Первая, как уже было сказано, это до сих пор разделяемый многими миф о “беззаконной комете” с печатью гения на челе (но тогда уж, наверное, на хвосте), различимой с пеленок, если не с процедуры УЗИ. Миф, удобный прежде всего самим поэтам, тщательно оберегающим свою суверенность, “вненаходимость”, независимость от любых, внеположных их дару, обстоятельств3. Так вот, “Стихотворения” разбивают этот романтический миф в пух и прах, потому что мы видим поэтапное, с резкими взлетами, провалами, скачками в сторону, вбок и поверх барьеров, становление поэта. Вторая часть — и здесь мы вступаем на зыбкую почву слухов и домыслов, не желающей зарастать “народной молвы” — личная, персональная мифология полуподпольного, непечатного автора, то ли добровольного, то ли вынужденного изгнанника из (литературной) жизни — и это после феерического, осененного именами Асеева, академика Лихачева и Лили Брик дебюта! Не забудем, этому дебюту будет вскорости рукоплескать Париж в лице влиятельнейших Эльзы Триоле и Луи Арагона, увидевших в Сосноре преемника Маяковского. (Как ни относись к двусмысленной роли Арагона во времена сталинского террора, все же он автор нескольких безусловных шедевров, ключевых для новейшей европейской литературы4 ; кроме того, в 1960—1970-е годы он открыл французской публике немало авангардистов молодого поколения, и они с благодарностью об этом помнили. Так что нюх на таланты у Арагона был.) И вдруг, после такого оглушительного успеха, соперничать с которым могли тогда разве что официально разрешенные Евтушенко и Вознесенский да — по другую сторону идеологического занавеса — неофициальный “тунеядец” Бродский, происходит нечто странное. Сам Соснора позднее напишет об этом так: “До 30 лет я выступал на сценах, поя, в роли воскресителя усопших. И слава моя затмила (осветила?) мир, советско-заграничный. Но вдруг как отрезало, я совершил хадж, ушел в глушь и пил. До смерти” (“Дом дней”).
Итак, слово произнесено — хадж. “До 30 лет” — значит до 1966 года.
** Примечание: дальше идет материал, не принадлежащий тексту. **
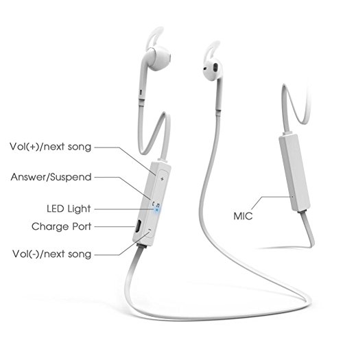 -. Feature : Sweatproof and water resistant design. / Bluetooth version: V4.0,Bluetooth Headset & Hands-free, A2DP, AVRCP. / Ultra-lightweight at 0.48 ounces, these earbuds do not cause any ear discomfort, and can be effortlessly worn all day. Includes S/M/L sport eartips and in-ear earhooks, so you will never worry about the earbuds falling out. The uniquely ergonomic design ensures a comfortable and secure fit for running, jogging, cycling and many other activities. / Built-in microphone with CVC 6.0 digital noise reduction technology provides a crystal clear phone conversation even in noisy environments, for example, jogging in the street or working out at the gym. Premium Bluetooth earbuds for skip-free music outdoors. / Perfect compatibility, support most mobile phones with bluetooth device,Pad and desktop computer.

Я позволю себе сдвинуть, нет, не дату, а оптику читателя. Потому что к 1966 году им написано без малого 9 (девять) поэтических книг, по объему — 414 страниц — это практически половина “амфоровского” тома! Да, только одна из них, “Всадники”, вышла в том виде, в каком была задумана автором, и так будет до 1986 года. Да, его отпускают аптекарскими дозами. Да, есть от чего уйти в глушь и пить. Но — до смерти? До настоящей, клинической, о которой в “Хронике 67” повествуется с поразительным сарказмом и отстраненностью, которыми раньше в его стихах и не пахло?
Знаю, многие любители поэзии, особенно старшего поколения, ценят прежде всего Соснору “до хаджа”, который ассоциируется с изысканно рифмованной, звонкой лирикой, иногда с мрачными цветаевско-блоковскими обертонами (как во “Всадниках”), но чаще радостно-бравурной, как веселящий газ, пущенный по блокадным трахеям наших мам и пап XX Съездом, развенчавшим Главного Пахана. На мой же сегодняшний, возможно, излишне пристрастный взгляд, большая часть написанного в те годы (об исключениях ниже), а по крупному счету — счету, задаваемому самим же “клиническим”, с приставкой “пост”, Соснорой — остается в целом в границах послеоттепельной, шестидесятнической парадигмы. Что я имею в виду? Здесь не место вдаваться в тонкости определения, отмечу только несколько черт, характерных для весьма и весьма разных поэтов той эпохи, в основном официальных (но не только). Там и тогда были свои достижения, которые незаслуженно сбрасывать с корабля постсоветской современности, хотя бы потому, что от них отталкивались и на них учились будущие классики этой современности, тот же Бродский, к примеру, да и многие, многие другие. Вот эти, выбранные почти наугад, черты: акцент на формальном мастерстве (профессионализме), даже некоторое им щегольство в допустимых нормах, связанное, видимо, с общей верой в технонауку, “прогресс”, без “спецов” немыслимый (ср. поэму Вознесенского “Мастера”, характерную также своим обращением к “народным истокам”); сдержанный оптимизм бок о бок с ядерным сдерживанием и едва скрываемым, подкожным синдромом, что — вот-вот; всерьез исповедуемый гуманистический идеал, идеал Добра, иногда удачно оттеняемый скепсисом, ерничеством, неизбывным лукавством; подавленный гнетом коллективизма и оттого какой-то отчаянный, развязный индивидуализм, граничащий с эстрадным ломаньем; атеизм, парадоксальным образом не исключающий некоей абстрактной “духовности”, носителем которой может выступать тот же “народ”, или “искусство”; пресловутая эзопова феня; наконец, то, что нынешние феминистки назвали бы мачизмом, а тогда это просто был портрет Хемингуэя, входящего во все клетки со всеми львами и имеющего засим все, что движется.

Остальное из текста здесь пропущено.